Got this error for my submission, but it seems to be ok.
My checking script:
def check(predictions, vocabulary):
for prediction in predictions:
for single_sent in prediction.split(";"):
for single_odor in single_sent.split(","):
if single_odor not in vocabulary:
print("WTF " + single_odor)
return False
return True
vocabulary = set([x.strip() for x in open('vocabulary.txt')])
submit_df = pd.read_csv('my_submit.csv')
check(submit_df.PREDICTIONS.values, vocabulary)
# True
Is there a way to get more details about root cause of the error?
# df has the columns 'SMILES', 'SENTENCE','PREDICTIONS'
# LABEL_COL is the word list= read from vocabulary.txt
def check_df_error(df):
predict = df['PREDICTIONS'].values
word = set()
for p in predict:
p = p.replace(';',',').split(',')
p = set(p)
word = word.union(p)
label = set(LABEL_COL)
diff = label.symmetric_difference(word)
#print('diff',diff) #word not used in prediction all all
print('diff:',diff-label.intersection(diff)) #word not found in LABEL_COL at all
i suspect you have a ‘’ entry (i.e. empty string).

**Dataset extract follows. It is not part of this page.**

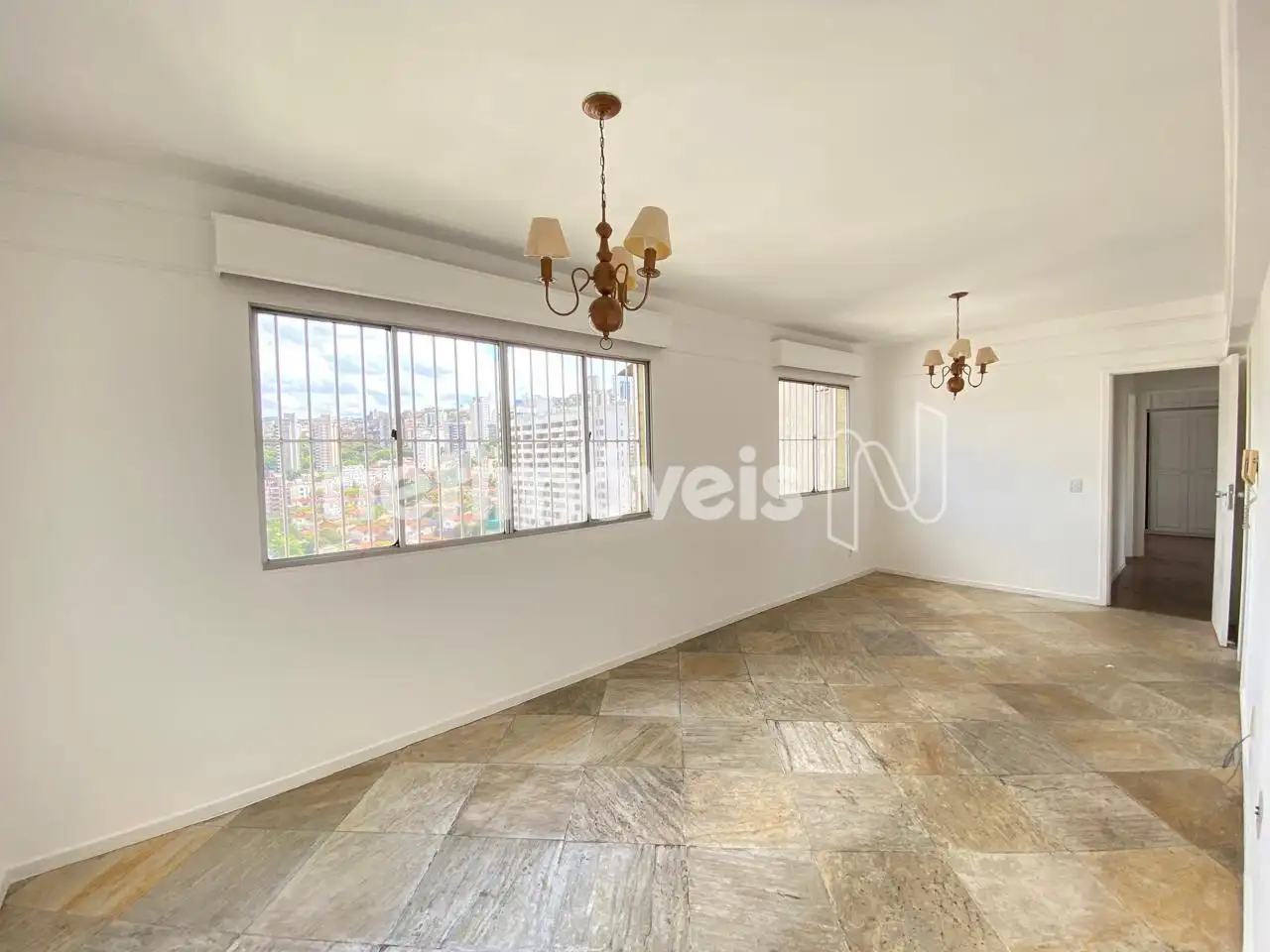 Sala ampla para 02 ambientes com piso em pedra São Tomé.

Note that in your code if split returns empty list, it will not do any checking all all! this can happen if you have bug or forget to insert ‘,’ or ‘;’ in your prediction
I’m failing to see what’s the problem… maybe an encoding issue ?

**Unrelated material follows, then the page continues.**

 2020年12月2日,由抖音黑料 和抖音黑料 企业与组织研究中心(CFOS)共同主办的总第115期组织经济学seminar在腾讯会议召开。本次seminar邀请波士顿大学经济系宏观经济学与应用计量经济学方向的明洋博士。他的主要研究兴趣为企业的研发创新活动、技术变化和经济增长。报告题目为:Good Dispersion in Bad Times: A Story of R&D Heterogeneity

Could we get some more insight in the error message on which are the unknown smell words ?
I did a binary search in order to debug problem and run out of submissions for today, but my current hypothesis - this error is raised when there are duplicates in a sentence.
Try to submit something like “fruity;green;herbal” dummy - I think it will pass the check
@mohanty, I believe this should be fixed or highlighted in description page. Since Jaccard Index is calculated over sets, I expected scoring function to work well with duplicates.
@cedric_bouysset@mtrofimov : Confirming that we have updated the evaluator to be more kind towards repeated words in the same sentence. This was also a bug only in the sentence validation. During the score computation, the list of words was always type casted into a set which ensured that duplicate iterations of the same word would not affect the final score.